_THE RECORDS_.
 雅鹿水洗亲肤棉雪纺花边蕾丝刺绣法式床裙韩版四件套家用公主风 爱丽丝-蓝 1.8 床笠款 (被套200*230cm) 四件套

--

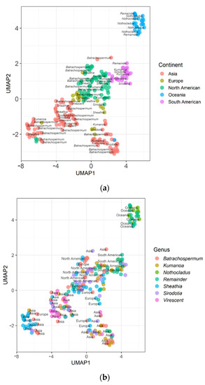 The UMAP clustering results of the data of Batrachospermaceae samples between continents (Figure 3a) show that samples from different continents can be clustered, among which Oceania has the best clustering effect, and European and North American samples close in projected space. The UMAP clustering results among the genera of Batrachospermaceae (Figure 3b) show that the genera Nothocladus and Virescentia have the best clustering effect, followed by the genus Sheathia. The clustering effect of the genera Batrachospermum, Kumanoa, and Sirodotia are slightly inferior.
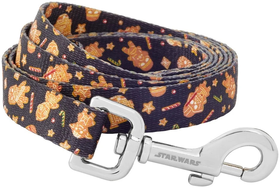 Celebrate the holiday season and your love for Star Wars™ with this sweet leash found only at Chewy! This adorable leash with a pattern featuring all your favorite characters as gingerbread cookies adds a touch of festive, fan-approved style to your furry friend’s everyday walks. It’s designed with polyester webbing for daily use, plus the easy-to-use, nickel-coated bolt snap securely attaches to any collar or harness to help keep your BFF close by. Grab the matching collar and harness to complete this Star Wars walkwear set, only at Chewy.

==

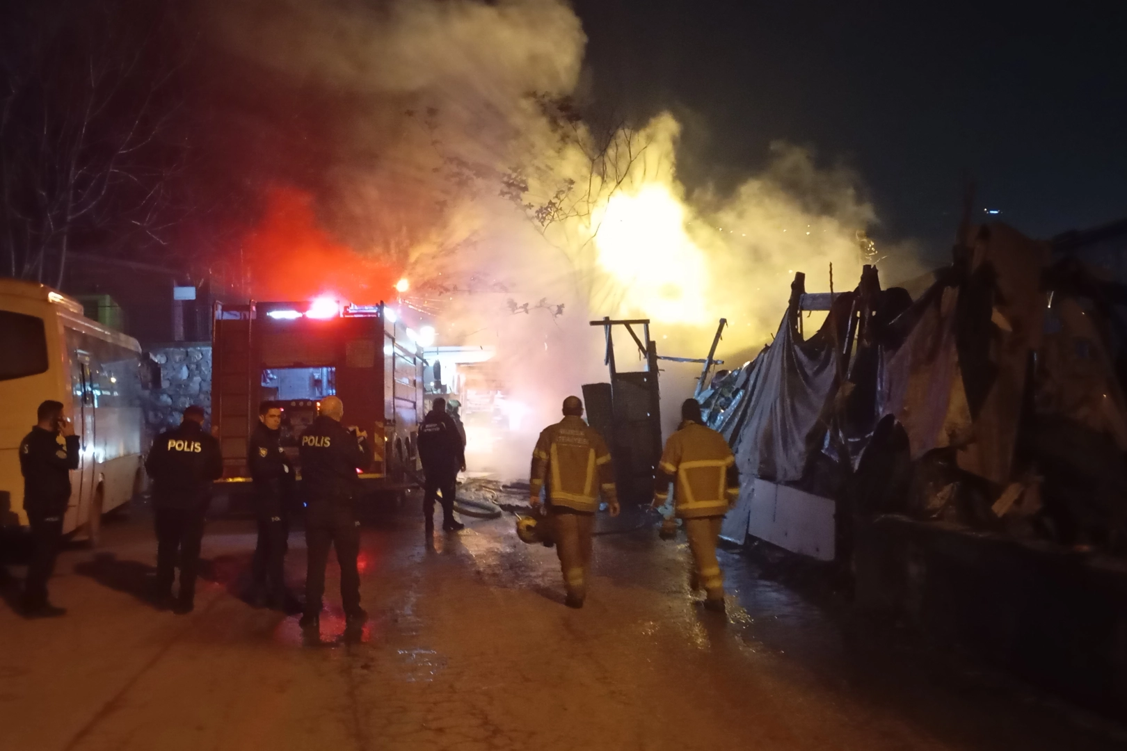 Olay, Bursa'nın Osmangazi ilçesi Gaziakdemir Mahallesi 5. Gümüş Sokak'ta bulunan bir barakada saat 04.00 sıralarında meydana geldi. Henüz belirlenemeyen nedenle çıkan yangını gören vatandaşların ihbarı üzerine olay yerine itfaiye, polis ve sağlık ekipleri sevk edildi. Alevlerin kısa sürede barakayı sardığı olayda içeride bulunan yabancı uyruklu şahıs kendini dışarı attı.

_REQUIRED WORK_. In the entries above, find the line with "The UMAP clustering results of" and the line with "Celebrate the holiday". Return exactly those lines and all the ones between them, pictures excluded.

_SOLUTION TO THE PROBLEM_.
 The UMAP clustering results of the data of Batrachospermaceae samples between continents (Figure 3a) show that samples from different continents can be clustered, among which Oceania has the best clustering effect, and European and North American samples close in projected space. The UMAP clustering results among the genera of Batrachospermaceae (Figure 3b) show that the genera Nothocladus and Virescentia have the best clustering effect, followed by the genus Sheathia. The clustering effect of the genera Batrachospermum, Kumanoa, and Sirodotia are slightly inferior.
 Celebrate the holiday season and your love for Star Wars™ with this sweet leash found only at Chewy! This adorable leash with a pattern featuring all your favorite characters as gingerbread cookies adds a touch of festive, fan-approved style to your furry friend’s everyday walks. It’s designed with polyester webbing for daily use, plus the easy-to-use, nickel-coated bolt snap securely attaches to any collar or harness to help keep your BFF close by. Grab the matching collar and harness to complete this Star Wars walkwear set, only at Chewy.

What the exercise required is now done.